Problem to work on
The response should consist of the data below, copied exactly, with no pictures in it.

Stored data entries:
****************************************
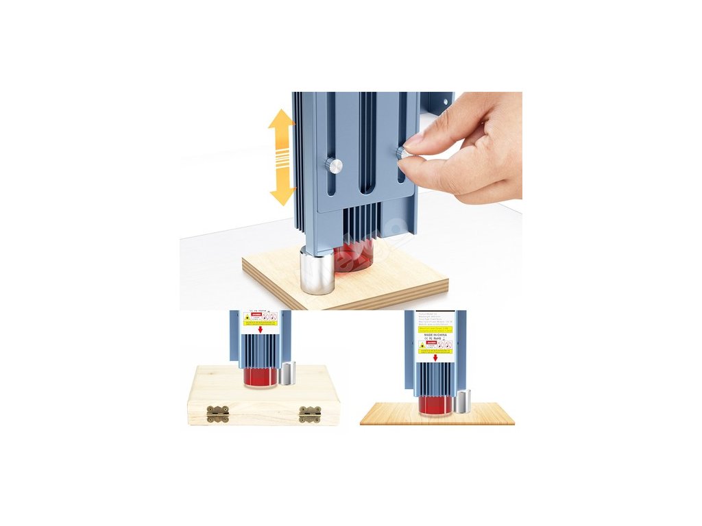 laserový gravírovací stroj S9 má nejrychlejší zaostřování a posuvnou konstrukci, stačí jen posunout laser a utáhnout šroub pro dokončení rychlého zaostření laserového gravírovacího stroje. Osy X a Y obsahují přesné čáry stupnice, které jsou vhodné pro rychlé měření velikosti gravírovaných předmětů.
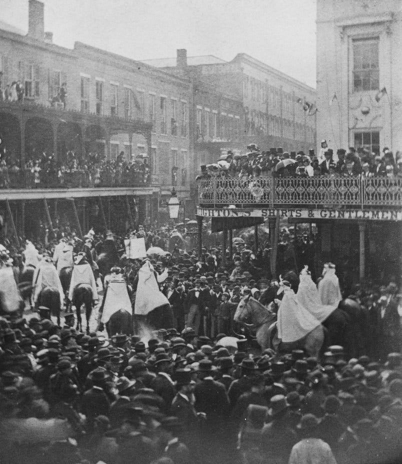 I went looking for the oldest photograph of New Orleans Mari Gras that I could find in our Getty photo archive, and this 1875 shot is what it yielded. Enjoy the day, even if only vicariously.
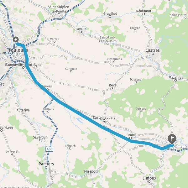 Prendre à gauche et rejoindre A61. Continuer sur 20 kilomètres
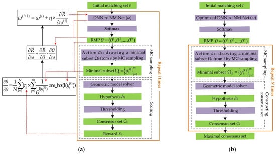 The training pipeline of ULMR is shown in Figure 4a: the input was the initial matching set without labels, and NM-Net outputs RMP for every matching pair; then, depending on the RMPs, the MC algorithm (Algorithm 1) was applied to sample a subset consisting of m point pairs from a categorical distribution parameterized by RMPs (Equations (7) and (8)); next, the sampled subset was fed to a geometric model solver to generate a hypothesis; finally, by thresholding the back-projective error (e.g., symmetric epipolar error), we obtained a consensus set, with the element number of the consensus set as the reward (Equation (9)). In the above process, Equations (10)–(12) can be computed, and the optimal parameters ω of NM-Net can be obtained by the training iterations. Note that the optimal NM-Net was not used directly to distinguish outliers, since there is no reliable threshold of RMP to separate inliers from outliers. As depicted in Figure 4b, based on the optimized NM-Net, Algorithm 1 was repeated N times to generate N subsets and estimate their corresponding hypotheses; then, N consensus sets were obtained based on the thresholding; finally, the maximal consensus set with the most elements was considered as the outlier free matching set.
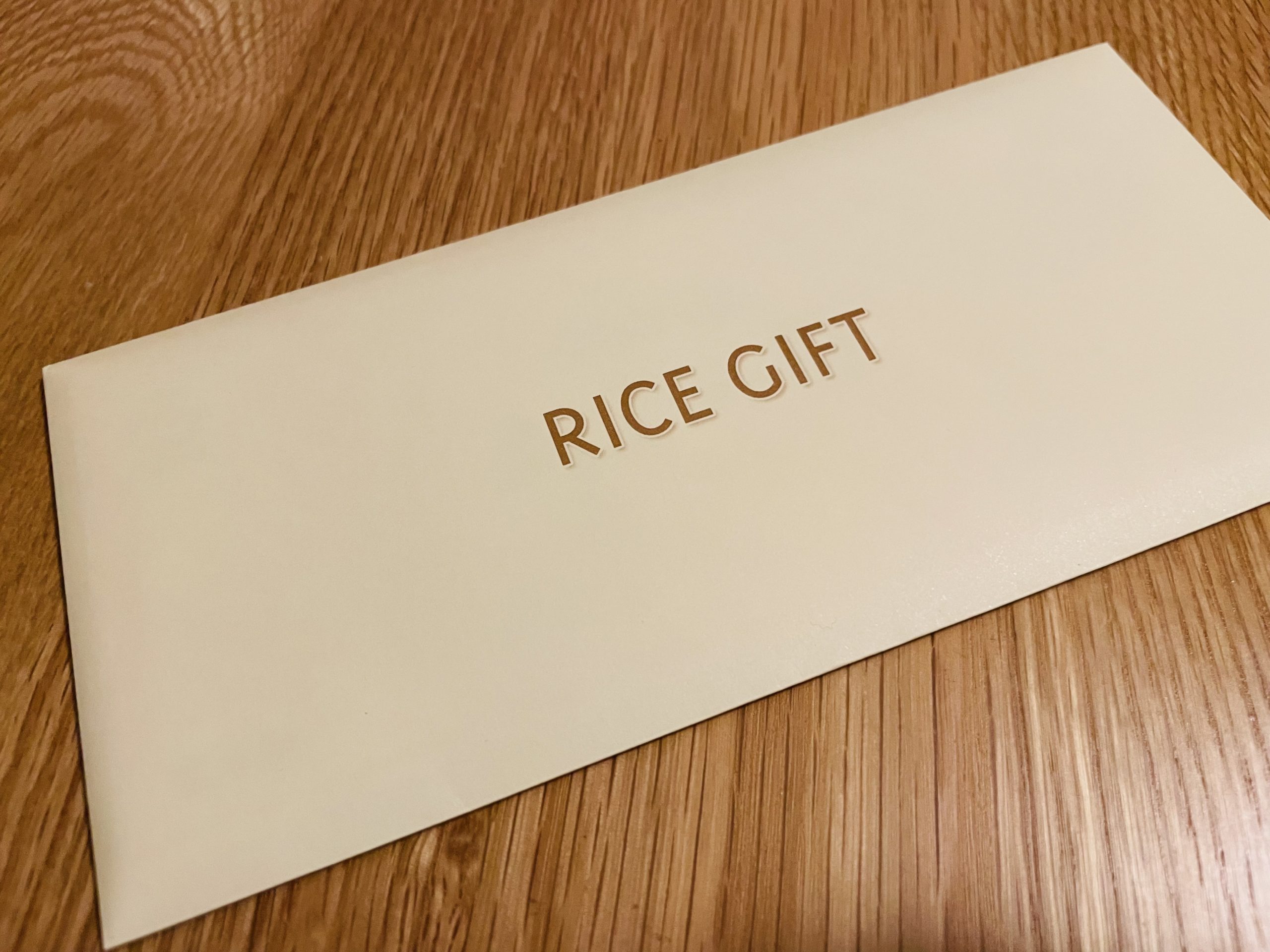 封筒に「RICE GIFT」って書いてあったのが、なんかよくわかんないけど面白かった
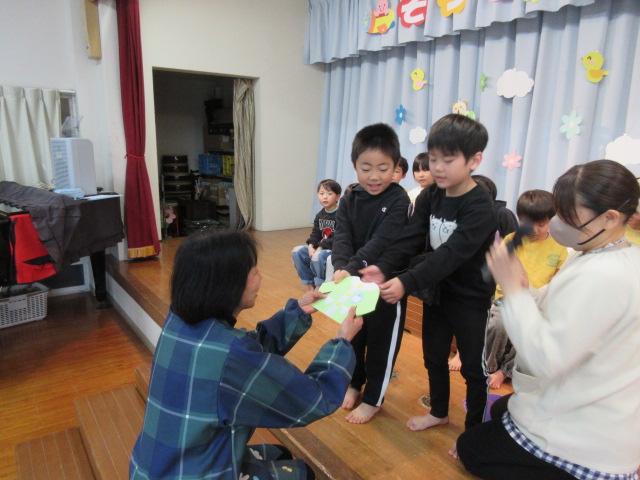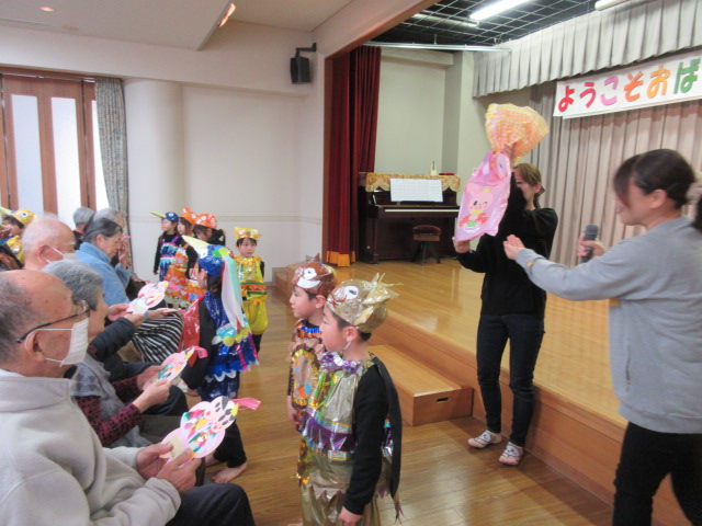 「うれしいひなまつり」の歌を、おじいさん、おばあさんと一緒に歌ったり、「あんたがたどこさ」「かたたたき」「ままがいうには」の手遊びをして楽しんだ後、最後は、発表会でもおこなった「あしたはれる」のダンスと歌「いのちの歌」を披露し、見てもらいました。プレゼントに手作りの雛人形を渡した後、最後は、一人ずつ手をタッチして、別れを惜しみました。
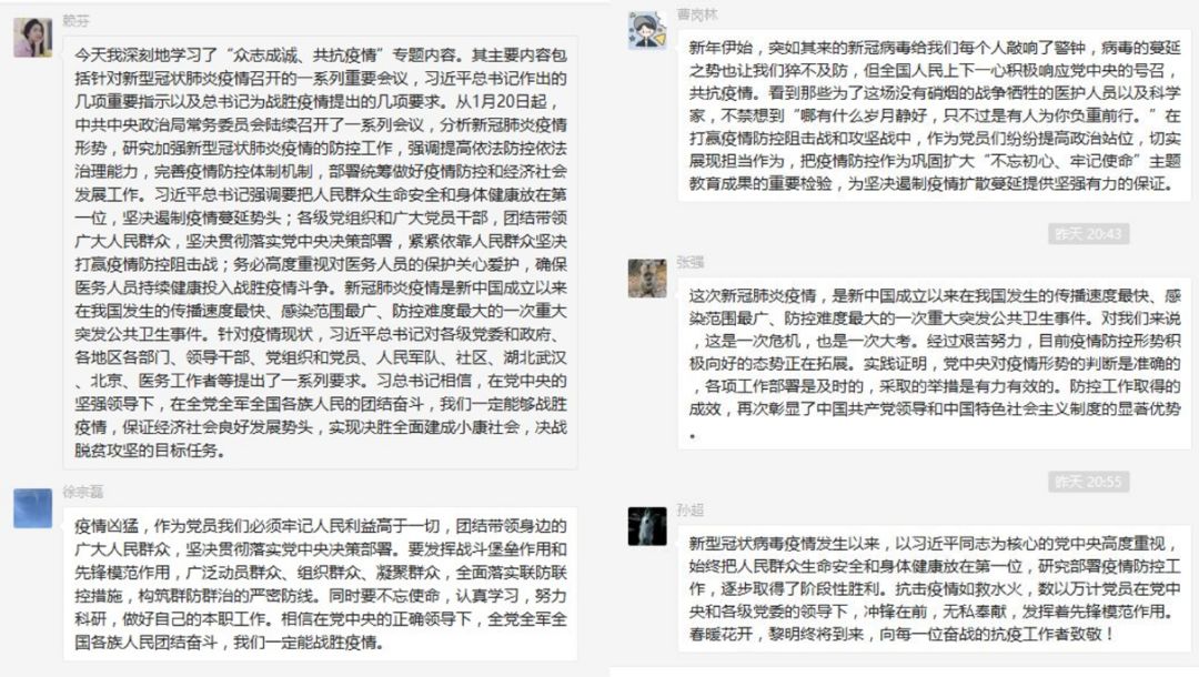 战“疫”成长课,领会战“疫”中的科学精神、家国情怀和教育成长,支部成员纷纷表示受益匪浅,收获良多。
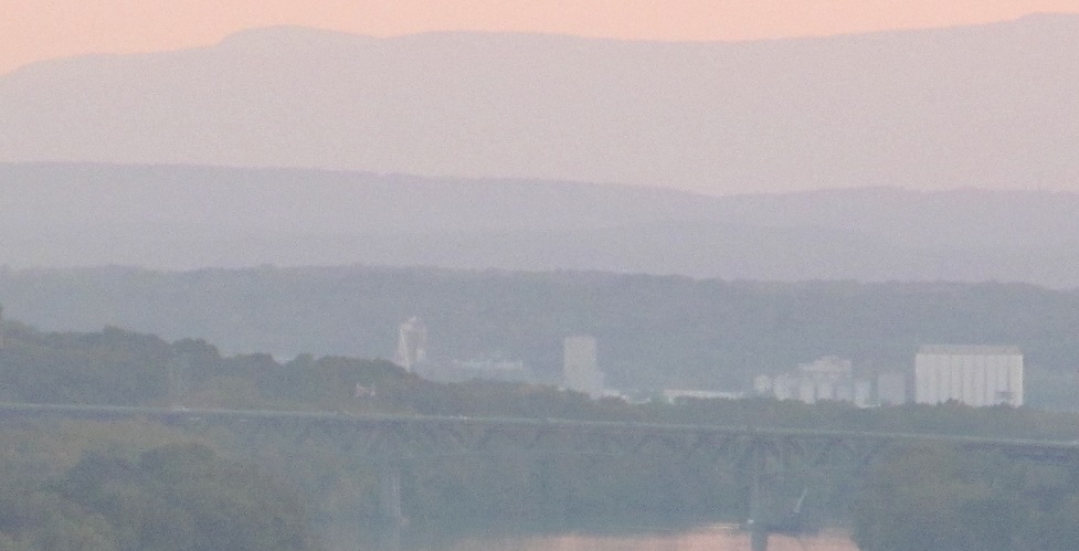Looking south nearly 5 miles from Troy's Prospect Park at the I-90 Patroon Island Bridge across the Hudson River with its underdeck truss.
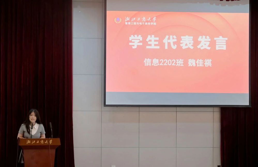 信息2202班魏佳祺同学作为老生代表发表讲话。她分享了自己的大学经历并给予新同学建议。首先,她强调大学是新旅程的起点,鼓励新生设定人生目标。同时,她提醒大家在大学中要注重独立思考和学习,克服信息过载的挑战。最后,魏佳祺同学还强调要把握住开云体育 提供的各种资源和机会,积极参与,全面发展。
****************************************
Answer to the problem
 laserový gravírovací stroj S9 má nejrychlejší zaostřování a posuvnou konstrukci, stačí jen posunout laser a utáhnout šroub pro dokončení rychlého zaostření laserového gravírovacího stroje. Osy X a Y obsahují přesné čáry stupnice, které jsou vhodné pro rychlé měření velikosti gravírovaných předmětů.
 I went looking for the oldest photograph of New Orleans Mari Gras that I could find in our Getty photo archive, and this 1875 shot is what it yielded. Enjoy the day, even if only vicariously.
 Prendre à gauche et rejoindre A61. Continuer sur 20 kilomètres
 The training pipeline of ULMR is shown in Figure 4a: the input was the initial matching set without labels, and NM-Net outputs RMP for every matching pair; then, depending on the RMPs, the MC algorithm (Algorithm 1) was applied to sample a subset consisting of m point pairs from a categorical distribution parameterized by RMPs (Equations (7) and (8)); next, the sampled subset was fed to a geometric model solver to generate a hypothesis; finally, by thresholding the back-projective error (e.g., symmetric epipolar error), we obtained a consensus set, with the element number of the consensus set as the reward (Equation (9)). In the above process, Equations (10)–(12) can be computed, and the optimal parameters ω of NM-Net can be obtained by the training iterations. Note that the optimal NM-Net was not used directly to distinguish outliers, since there is no reliable threshold of RMP to separate inliers from outliers. As depicted in Figure 4b, based on the optimized NM-Net, Algorithm 1 was repeated N times to generate N subsets and estimate their corresponding hypotheses; then, N consensus sets were obtained based on the thresholding; finally, the maximal consensus set with the most elements was considered as the outlier free matching set.
 封筒に「RICE GIFT」って書いてあったのが、なんかよくわかんないけど面白かった
 「うれしいひなまつり」の歌を、おじいさん、おばあさんと一緒に歌ったり、「あんたがたどこさ」「かたたたき」「ままがいうには」の手遊びをして楽しんだ後、最後は、発表会でもおこなった「あしたはれる」のダンスと歌「いのちの歌」を披露し、見てもらいました。プレゼントに手作りの雛人形を渡した後、最後は、一人ずつ手をタッチして、別れを惜しみました。
 战“疫”成长课,领会战“疫”中的科学精神、家国情怀和教育成长,支部成员纷纷表示受益匪浅,收获良多。
Looking south nearly 5 miles from Troy's Prospect Park at the I-90 Patroon Island Bridge across the Hudson River with its underdeck truss.
 信息2202班魏佳祺同学作为老生代表发表讲话。她分享了自己的大学经历并给予新同学建议。首先,她强调大学是新旅程的起点,鼓励新生设定人生目标。同时,她提醒大家在大学中要注重独立思考和学习,克服信息过载的挑战。最后,魏佳祺同学还强调要把握住开云体育 提供的各种资源和机会,积极参与,全面发展。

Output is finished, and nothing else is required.